L’univers en science traverse la meme crise de confiance que un chacun des medias, et les chercheurs seront accuses d’etre biaises ou trop a gauche. Certains cherchent donc a creer 1 espace anti-establishment
Le chercheur Petter Bae Brandtzaeg
L’annee derniere, Kirkegaard a aspire les precisions de 70’000 profils sur le site de rencontres OkCupid Afin de tenter de prouver la correlation entre intelligence et croyance religieuse. Dans une indifference quasi generale – OKCupid avait mollement proteste –, les autorites danoises envisagent un an prochainement de le poursuivre apres que Paul-Olivier Dehaye, les a alertees. Qu’importe Afin de Kirkegaard. «En psychologie, les chercheurs se basent regulierement sur des groupes de 40 gens a peine pour deceler des tendances, votre n’est gui?re assez. Mes sites de rencontre representent une opportunite inouie pour etudier les comportements humains», se rejouit-il. «J’ai aussi des amis qui ont importe les donnees de milliers de profils Tinder pour developper des logiciels de reconnaissance faciale, tout le monde fait ca», se justifie le «chercheur independant».
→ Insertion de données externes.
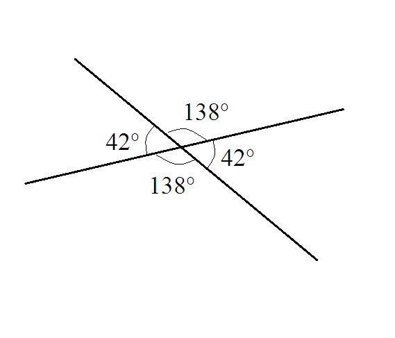 4. При пересечении двух прямых образуются две пары вертикальных или две пары смежных углов. Вертикальные угла равны ⇒ одна пара углов - 138°, сумма смежных углов 180° ⇒ второй угол в паре со смежным - (180-138)=42°. При пересечении двух прямых образовались углы: 42°, 138°, 42°, 138°.
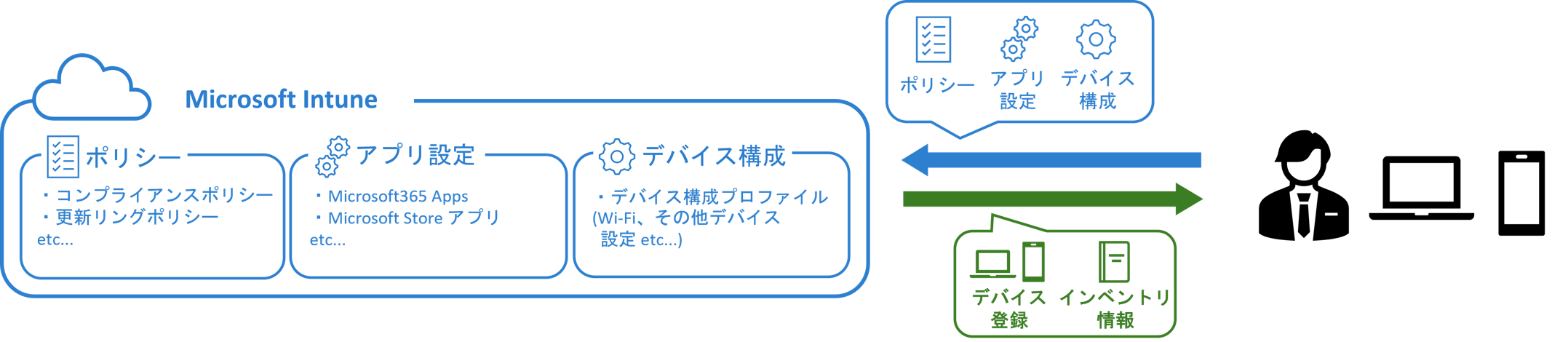 クラウドベースのエンドポイント管理ソリューションであり、MDM(Mobile Device Management:モバイルデバイス管理)とMAM(Mobile Application Management:モバイルアプリケーション管理)の機能を備えております。

Kirkegaard s’est aussi servi des resultats des tests de QI pratiques avec l’armee danoise lors du service militaire pour evaluer la difference supposee d’intelligence entre nos etrangers europeens et non-europeens. Il traque l’integralite des donnees en libre acces possibles i propos des mouvements migratoires pour etablir une correlation entre islam et criminalite, islam et intelligence, etc. «Il incarne nos pires derives du big data», alerte Michael Zimmer, professeur dans l’universite du Wisconsin et specialiste en data-ethique, dans un article pour le magazine specialise Wired.
Guerre de l’information
Notre Danois publie ses chantiers dans Google Scholar, portail cense etre reserve aux universitaires et permettre une circulation ouverte des aptitudes. Interroge avec «Le Temps» sur la presence d’articles a telles consonances sur sa propre plateforme, Google repond que s’il y avait 1 probleme, son systeme d’alerte l’aurait vu.
Kirkegaard a egalement cree trois revues «scientifiques»: Open Psychology, Open Behavioral genetics et Open quantitative Sociology and political science. Au monde une recherche, etre publie dans une revue signifie la validation d’un article par ses pairs. Creer sa propre revue va permettre d’echapper a ce circuit. «Emil Kirkegaard se donne l’apparence de respectabilite, aussi qu’il n’en a pas grand chose. Apres les fake news, la fake science», poursuit Paul-Olivier Dehaye. «Une guerre de l’information reste en lei§ons. Beaucoup de publications scientifiques autoproclamees apparaissent en ce moment, au but de defendre un but ideologique precis, ajoute Petter Bae Brandtzaeg, chercheur au SINTEF en Norvege, ainsi, professionnel des fake news. Ca a commence avec les climatosceptiques et se poursuit aujourd’hui au milieu des suprematistes. Le monde une science traverse la meme crise de confiance que le monde des medias, ainsi, les chercheurs seront accuses d’etre biaises ou trop a gauche. Plusieurs cherchent donc a creer un espace anti-establishment».